## how to output subgroups of observations based on the other variable containing a certain value?

# how to output subgroups of observations based on the other variable containing a certain value?

My data contains multiple observations per patient and shows as that some of them readmitted after death (death_status=1) due to clerical errors. I'd like to extract those cases to data "want".

``````data have;
input patid death_status hosp_adm_year logical \$;
datalines;
1	0	2000	yes
1	0	2001	yes
1	1	2002	yes
2	1	1995	no
2	0	1996	no
3	0	2000	no
3	1	2002	no
3	0	2003	no
4	1	1990	no
4	0	1992	no
4	1	1995	no
4	0	2000	no
5	0	1991	yes
5	0	1992	yes
5	0	1993	yes
;
run;

data want;
input patid death_status hosp_adm_year logical \$;
datalines;
2	1	1995	no
2	0	1996	no
3	0	2000	no
3	1	2002	no
3	0	2003	no
4	1	1990	no
4	0	1992	no
4	1	1995	no
4	0	2000	no
;
run;``````

Code below didn't work. Can I solve this problem in data steps somthing like this?

``````data test; set have;
by patid;
if first.patid=0 or last.patid=0 then output;
where death_status=1; run;``````

Solution
‎04-22-2017 10:28 PM
Posts: 5,614

## Re: how to output subgroups of observations based on the other variable containing a certain value?

Assuming that records are sorted by patid and dates

``````
data want;
do until(last.patid);
set have; by patid;
if death_status < max_death_status then clerical_error = 1;
max_death_status = max(max_death_status, death_status);
end;
do until(last.patid);
set have; by patid;
if clerical_error then output;
end;
drop max_death_status clerical_error;
run;``` ```

PG

‎04-22-2017 10:28 PM
Posts: 5,614

## Re: how to output subgroups of observations based on the other variable containing a certain value?

Assuming that records are sorted by patid and dates

``````
data want;
do until(last.patid);
set have; by patid;
if death_status < max_death_status then clerical_error = 1;
max_death_status = max(max_death_status, death_status);
end;
do until(last.patid);
set have; by patid;
if clerical_error then output;
end;
drop max_death_status clerical_error;
run;``` ```

PG
## Re: how to output subgroups of observations based on the other variable containing a certain value?

Elegant it is. Gotta learn this multiple SET statement programming. Thanks much!
## Re: how to output subgroups of observations based on the other variable containing a certain value?

@PGStats

Your code would not work, if one id 's death_status are all 1.

``````data have;
infile cards expandtabs ;
input patid death_status hosp_adm_year logical \$;
datalines;
1	0	2000	yes
1	0	2001	yes
1	1	2002	yes
2	1	1995	no
2	0	1996	no
3	0	2000	no
3	1	2002	no
3	0	2003	no
4	1	1990	no
4	0	1992	no
4	1	1995	no
4	0	2000	no
5	0	1991	yes
5	0	1992	yes
5	0	1993	yes
6	1	1991	yes
6	1	1992	yes
6	1	1993	yes
;
run;

data want;
n=0;
do until(last.patid);
set have; by patid;
if death_status=1 then n+1;
if death_status=1 and last.patid then last=1;
end;
do until(last.patid);
set have; by patid;
if n gt 1 or (n=1 and not last) then output;
end;
drop n;
run; ``````
## Re: how to output subgroups of observations based on the other variable containing a certain value?
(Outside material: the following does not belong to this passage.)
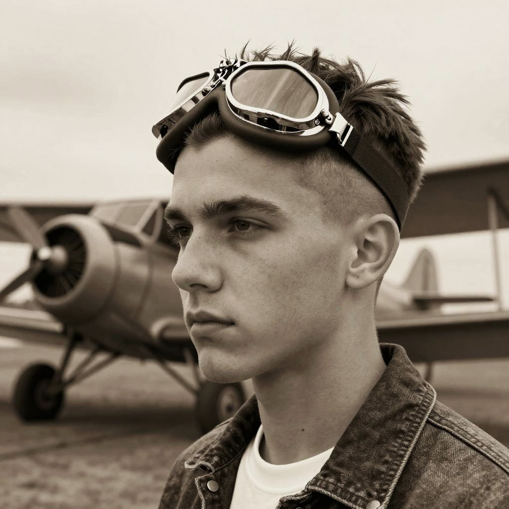 Photograph of a young man with a close-cropped, fade haircut, viewed in profile from the left. He wears black aviator goggles on his head and a black shirt with a white collar. The background shows a blurred, vintage wooden biplane with visible propeller and wheels, inside a dimly lit hangar with metal beams and a concrete floor. The image emphasizes the man's clean, modern hairstyle contrasted with the vintage aviation theme. The lighting is soft, highlighting the man's profile and the texture of the plane's wood.

Yeah, OP wanted to detect resurrections; you are going one step further, detecting multiple deaths

PG
## Re: how to output subgroups of observations based on the other variable containing a certain value?
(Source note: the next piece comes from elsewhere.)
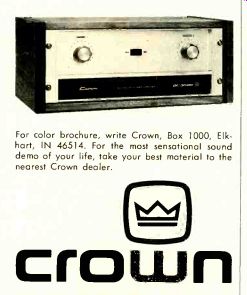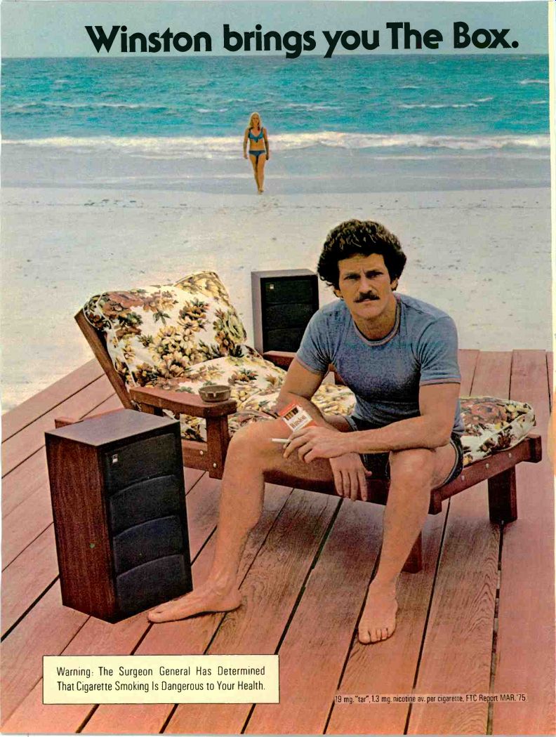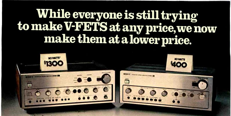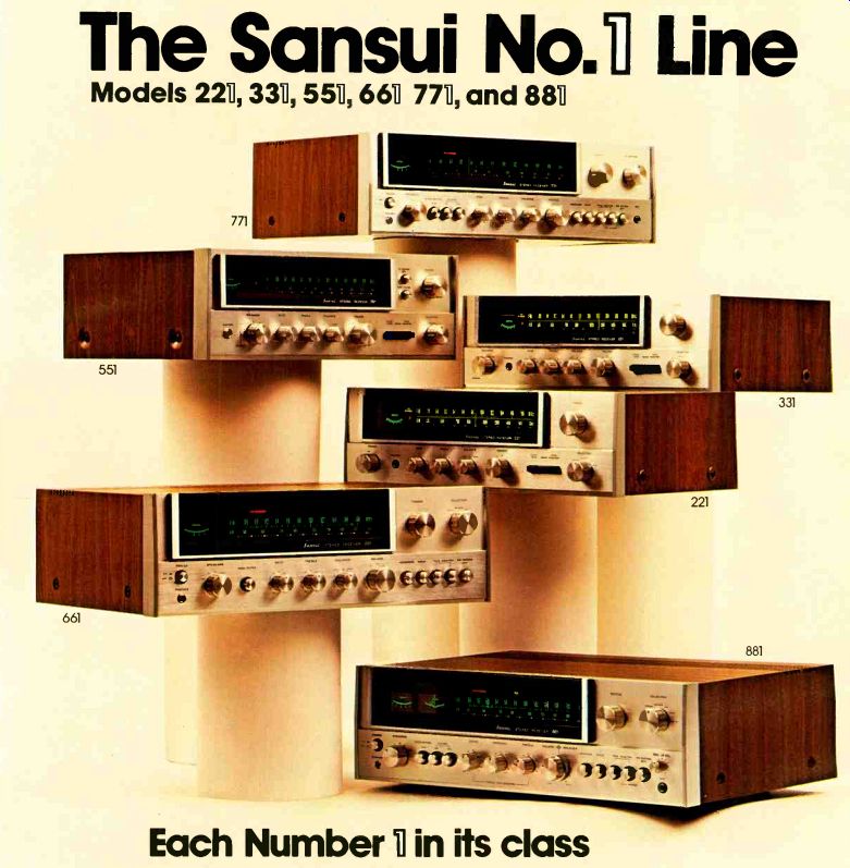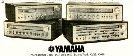 ![]() . The Sansui No.T1 LineModels 221, 331, 551 , 661, 771, and 881 Each Number 1 in its class. You are looking up to the finest stereo receivers today's technology can produce. Each a leader in its class. From the 8 and 12 watts per channel minimum RMS into 8 Ohms load from 40 Hz to 20 kHz with no more than 1.0% total harmonic distortion for the new Sansui 221 and 331 to the 63 wafts per channel, minimum RMS into 8 Ohms from 20 Hz to 20 kHz with no more than 0.3% total harmonic distortion for the full-feature top of the line Sansui 881. From $169.95 to $529.95, every Sansui delivers sophisticated electronics, flawless styling and superb convenience. You can enjoy listening to them at your franchised Sansui dealer. For even more enjoyment, you can own One. SANSUI ELECTRONICS CORP. Woodside, New York 11377 Gardena. California 90247 SANSUI ELECTRIC CO LTD . Tokyo, Japan SANSUI AUDIO EUROPE S A Antwerp, Belgium ELECTRONIC DISTRIBUTORS ( Canada)_ Turn on the Fisher.![]() You'll get a 3-head Dolby deck that leaves you some money for tape. There's no way-to know exactly what you're recording unless your tape deck has a third head for monitoring. But three-head cassette decks have always cost a lot of money. Not any more Now there's the Fisher CR-5010. Its suggested retail price is just $229.95, and it has every thing you need. The monitor head lets you listen to sound immediately after it's recorded. So you can be sure that your connections are secure, your mikes are in the right place, and your levels are OK. Dolby noise reduction cuts down the hiss and greatly improves the signal-to-noise ratio. Switchable equalization makes the most of the new tapes. And there's automatic shut-off and a precision pause control to make it all convenient. You can spend a lot more for a 3-head Dolby deck. But if you want the most music for your money, turn on the Fisher CR-E010. Fisher, 11-40 45th Road, Long Island City, N.Y. 11101 BOSE ON QUALITYThe 1801 Power Amplifier. ![]() Much of the quality that distinguishes a truly outstanding electronic instrument from the average product goes unseen. It lies it the concern and skill of the design engineer, conservative rating of components, and extreme care in manufacturing. For example, power transistors are costly. Yet using a large number assures that each works within its safe-area rating under any load and signal conditions. The 1801 uses 2b such power transistors. A large power transformer is costly and heavy. In the 1801 the transformer is very large to provide tight regulation of supply voltages, providing very large power output with minimum stress on the output transistors. Large amplifiers undergo unusual stresses during turn-on. The 1801 has a relay operated start-up circuit that limits currents and voltages in the power supply circuits during turn-on. Yet what is on the surface perfectly complements the underlying quality of construction and design. 1300 square inches of heat sink. Two oversize VU meters. A two-position in 3ut selector. Individual gain controls for each channel. A three-position speaker selector. And a light emitting diode display of power output. The size, power and features of the 1801 are not for everyone. But for the nearest approach to the ultimate... in quality of design, construction, and performance ... there is no other amplifier. The 1801. By Bose. The Mountain, Framingham, Mass. 01701, USA. ![]() ![]() Winston brings you The Box.Warning: The Surgeon General Has Determined That Cigarette Smoking Is Dangerous to Your Health. The Box brings you Fisher Quad. Fisher Quad System from Winston Box. Only $ 449.00. An $849 value. Manufacturer's Suggested Retail Price Relax, flip on the Fisher Quad. Reach out, flip open The Winston Box. Let four speakers surround you in sound while you light up and enjoy Winston. The sound is real enough to touch. The pleasure is real enough to taste. Fisher Quad and The Winston Box. They're both for real. Winston/Fisher Quad System Pease send me the Fisher Quad, complete with the Fisher guarantee. Winston Boxes. Offer available to persons 21 years of age or over. Allow 4-6 weeks for delivery Offer expires 12/31/75 Offer good in U S A Void where prohibited The Fisher 220X Automatic Turntable with Diamond Stylus and Dust Cover ![]() Crown POWER reveals a new level of listening.Discover the five elements of Crown power that make hearing the DC300A such a unique listening experience. Extreme low distortion: Maximum total harmonic and intermodulation distortion of 0.05% over a bandwidth of 1-20,000 Hz. Such minute levels made it necessary for Crown to design its own intermodulation distortion analyzer, now in use industry wide. Continuous power: 155 watts/channel minimum RMS into 8 ohms stereo, 310 watts minimum RMS into 16 ohms mono, over a bandwidth of 1-20,000 Hz. Complete protection: The DC300A is fully protected against shorted loads, mismatched connections, overheating and excessive line voltage, input overload as well as RF burnout. And this amp will drive any type load, resistive or reactive. Uncommon reliability: The DC300A's big name rock groups demand DC300A's be cause of their rugged ability to withstand tour-long punishment and still produce flawless sound. And major recording studios insist on Crown to keep time losses at a minimum. The professionals know from experience Crown's unqualified dependability. Exclusive warranty: Crown's unique warranty covers not only parts and labor but round-trip shipping for three years. These shipping costs are an important factor in our warranty, and it is not surprising that no other amplifier manufacturer offers this service. For color brochure, write Crown, Box 1000, Elkhart, IN 46514. For the most sensational sound demo of your life, take your best material to the nearest Crown dealer. Crown—When Listening BECOMES an Art. ![]() Technics by PanasonicMany receivers may give you all this. But they cost a lot more. Technics SA-5150 Power and Price At $229

@Ksharp, Thanks much. Detecting multiple death cases (1 all the way through) increased my end in the final output from 449 to 1372. I'm amazed. It shows that my deduplication efforts using probabilistic record linkage method is not perfect. All these 1372 needs a manual review now. I also like that indicator column created pointing to those specific cases.